The reason is query clarity. The relationship patterns around a firm acting as a GP are different from those around the same firm acting as an LP. Collapsing the types would make those patterns harder to query and easier to misread. A small increase in schema complexity in exchange for a significant increase in analytical precision is usually the right trade.

What the graph makes possible

Nine page templates were designed to show the graph's intelligence in practice — not as abstract capability, but as specific things a user can see and do.

A GP dashboard, configured by strategy, sector, and region, surfaces the LPs most likely to be interested in a fund raise in that market: ranked by capital signal strength, filtered by active intention, flagged if they're new entrants. It tells a GP not just who is out there, but who is worth calling this week.

A GP profile moves beyond descriptive data — AUM, fund list, headquarters — to show the firm's actual behaviour in the market: the gap between its declared strategy focus and where its portfolio companies operate, the LPs who have committed repeatedly as a signal of relationship depth, the competitor GPs with overlapping focus.

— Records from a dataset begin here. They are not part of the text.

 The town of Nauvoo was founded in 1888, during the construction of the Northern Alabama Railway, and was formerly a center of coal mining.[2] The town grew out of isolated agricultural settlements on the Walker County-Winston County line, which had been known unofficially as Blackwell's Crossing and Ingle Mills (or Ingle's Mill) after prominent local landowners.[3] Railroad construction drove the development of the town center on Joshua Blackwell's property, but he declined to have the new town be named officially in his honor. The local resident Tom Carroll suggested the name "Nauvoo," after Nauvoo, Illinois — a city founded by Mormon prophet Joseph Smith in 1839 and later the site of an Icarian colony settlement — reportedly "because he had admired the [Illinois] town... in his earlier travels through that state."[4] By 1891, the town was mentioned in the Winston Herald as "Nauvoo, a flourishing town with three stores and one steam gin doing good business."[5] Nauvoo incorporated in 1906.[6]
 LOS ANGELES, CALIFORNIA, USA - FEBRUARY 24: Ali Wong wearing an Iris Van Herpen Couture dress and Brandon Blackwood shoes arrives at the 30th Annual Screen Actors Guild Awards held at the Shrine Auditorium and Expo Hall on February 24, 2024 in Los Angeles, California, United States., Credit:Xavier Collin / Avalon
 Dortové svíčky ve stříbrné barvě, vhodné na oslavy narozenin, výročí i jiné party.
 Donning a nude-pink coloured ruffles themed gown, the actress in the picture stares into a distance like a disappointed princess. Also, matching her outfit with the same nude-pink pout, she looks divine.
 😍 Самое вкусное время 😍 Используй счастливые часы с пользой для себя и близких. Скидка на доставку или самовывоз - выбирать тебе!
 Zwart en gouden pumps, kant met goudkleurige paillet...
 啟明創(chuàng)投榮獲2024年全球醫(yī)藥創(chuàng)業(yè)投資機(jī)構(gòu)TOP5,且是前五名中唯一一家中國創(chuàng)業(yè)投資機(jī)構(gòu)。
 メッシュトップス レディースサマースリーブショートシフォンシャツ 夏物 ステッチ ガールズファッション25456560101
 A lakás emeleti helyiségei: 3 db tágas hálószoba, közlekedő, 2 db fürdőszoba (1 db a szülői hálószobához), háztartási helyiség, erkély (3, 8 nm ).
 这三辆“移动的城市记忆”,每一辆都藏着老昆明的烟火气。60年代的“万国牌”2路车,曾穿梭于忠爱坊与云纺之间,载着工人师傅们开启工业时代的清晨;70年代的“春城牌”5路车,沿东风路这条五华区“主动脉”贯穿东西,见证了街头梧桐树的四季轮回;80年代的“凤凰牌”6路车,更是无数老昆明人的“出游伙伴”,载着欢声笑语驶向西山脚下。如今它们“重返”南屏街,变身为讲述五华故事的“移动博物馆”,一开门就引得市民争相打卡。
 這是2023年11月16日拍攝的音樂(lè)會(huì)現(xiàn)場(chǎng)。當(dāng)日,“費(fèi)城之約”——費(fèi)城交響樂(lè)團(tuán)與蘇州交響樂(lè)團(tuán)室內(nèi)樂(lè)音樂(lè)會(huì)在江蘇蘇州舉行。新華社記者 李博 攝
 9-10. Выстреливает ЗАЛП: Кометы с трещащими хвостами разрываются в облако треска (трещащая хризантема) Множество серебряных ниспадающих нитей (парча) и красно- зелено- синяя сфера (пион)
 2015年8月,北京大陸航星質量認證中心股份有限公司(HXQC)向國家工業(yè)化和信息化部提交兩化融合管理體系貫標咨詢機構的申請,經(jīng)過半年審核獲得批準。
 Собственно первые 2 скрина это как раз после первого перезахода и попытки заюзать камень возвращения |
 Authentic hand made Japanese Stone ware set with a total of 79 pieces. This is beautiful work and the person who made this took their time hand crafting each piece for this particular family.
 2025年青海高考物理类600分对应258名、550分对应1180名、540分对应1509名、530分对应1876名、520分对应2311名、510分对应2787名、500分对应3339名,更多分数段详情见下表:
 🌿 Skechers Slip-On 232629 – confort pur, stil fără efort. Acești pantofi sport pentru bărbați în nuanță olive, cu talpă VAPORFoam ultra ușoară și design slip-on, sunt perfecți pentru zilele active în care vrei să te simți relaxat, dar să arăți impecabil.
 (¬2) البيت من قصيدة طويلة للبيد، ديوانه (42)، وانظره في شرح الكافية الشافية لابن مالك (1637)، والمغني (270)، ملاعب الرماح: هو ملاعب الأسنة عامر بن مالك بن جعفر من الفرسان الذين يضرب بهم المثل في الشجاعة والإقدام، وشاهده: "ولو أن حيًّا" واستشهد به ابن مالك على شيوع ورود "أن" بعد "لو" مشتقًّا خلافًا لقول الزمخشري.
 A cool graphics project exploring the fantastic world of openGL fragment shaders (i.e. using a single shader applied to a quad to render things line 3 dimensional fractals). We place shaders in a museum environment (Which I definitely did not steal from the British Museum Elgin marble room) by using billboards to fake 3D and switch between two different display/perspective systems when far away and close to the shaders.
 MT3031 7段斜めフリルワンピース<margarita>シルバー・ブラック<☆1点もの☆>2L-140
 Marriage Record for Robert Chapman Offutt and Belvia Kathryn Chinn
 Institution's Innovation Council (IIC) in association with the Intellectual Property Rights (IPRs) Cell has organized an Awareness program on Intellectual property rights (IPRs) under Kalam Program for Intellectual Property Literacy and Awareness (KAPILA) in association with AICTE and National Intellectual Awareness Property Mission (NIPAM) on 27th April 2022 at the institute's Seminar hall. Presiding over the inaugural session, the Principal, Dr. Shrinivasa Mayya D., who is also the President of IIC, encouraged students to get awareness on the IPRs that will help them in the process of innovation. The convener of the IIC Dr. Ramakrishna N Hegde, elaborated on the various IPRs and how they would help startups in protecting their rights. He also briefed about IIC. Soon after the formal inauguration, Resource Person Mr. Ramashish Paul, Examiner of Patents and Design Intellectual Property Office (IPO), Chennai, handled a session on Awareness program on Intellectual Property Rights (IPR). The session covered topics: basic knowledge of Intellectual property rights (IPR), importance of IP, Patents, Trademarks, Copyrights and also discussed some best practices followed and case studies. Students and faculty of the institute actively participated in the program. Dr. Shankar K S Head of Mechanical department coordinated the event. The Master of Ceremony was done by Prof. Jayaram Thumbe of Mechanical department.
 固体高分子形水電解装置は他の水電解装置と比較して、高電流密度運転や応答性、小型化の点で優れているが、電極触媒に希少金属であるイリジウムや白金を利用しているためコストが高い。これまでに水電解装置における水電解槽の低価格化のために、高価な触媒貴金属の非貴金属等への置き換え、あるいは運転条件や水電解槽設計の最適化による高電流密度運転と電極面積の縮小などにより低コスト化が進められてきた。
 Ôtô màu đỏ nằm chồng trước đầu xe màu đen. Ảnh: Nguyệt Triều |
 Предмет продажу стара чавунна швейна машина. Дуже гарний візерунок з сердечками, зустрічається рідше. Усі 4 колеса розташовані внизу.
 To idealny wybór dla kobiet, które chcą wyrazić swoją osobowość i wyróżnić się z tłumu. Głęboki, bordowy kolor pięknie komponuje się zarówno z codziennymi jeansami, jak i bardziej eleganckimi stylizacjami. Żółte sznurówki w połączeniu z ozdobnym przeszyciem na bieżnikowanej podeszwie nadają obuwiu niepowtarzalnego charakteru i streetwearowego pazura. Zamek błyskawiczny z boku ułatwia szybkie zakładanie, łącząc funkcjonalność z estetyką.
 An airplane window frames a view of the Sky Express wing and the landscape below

An article page connects editorial content to the market it describes. The graph identifies which LPs match the article's themes — not because they're mentioned in the text, but because their declared focus aligns with the article's SSR classification. Relevance is computed from structure, not inferred from language.

A people and events hub surfaces relationship implications from executive movements across the industry. A newly appointed investment director at a major LP is an outreach opportunity. A senior departure from a competitor GP may signal strategic shift. Events are scored by LP density and capital signal concentration.

Instead of static lists of content, the graph shows a market — LPs who match your strategy, the signals they're sending, events you can meet them at, and the themes driving activity. It's the difference between a directory and an intelligence system.

Reflection

This project sits at the point where information architecture, data modelling, and product design overlap. The schema decisions — what to model, what to leave out, how to distinguish declared behaviour from actual behaviour — are design decisions as much as technical ones. They require understanding of how users think about the domain, not just how the data is structured.

A few things I'd approach differently in a production context: I'd want user research to validate the SSR anchor against actual query behaviour before committing the full schema. I'd want cross-team governance for the controlled vocabulary from the start — editorial, data, and product aligned on terminology before implementation begins.

And I'd want an entity resolution strategy for live source data, since the synthetic dataset sidesteps the hardest practical problem: the same GP firm appearing under six different names across four source systems.

The graph was just the first step, though. The hard work of connecting it to production reality is what comes next.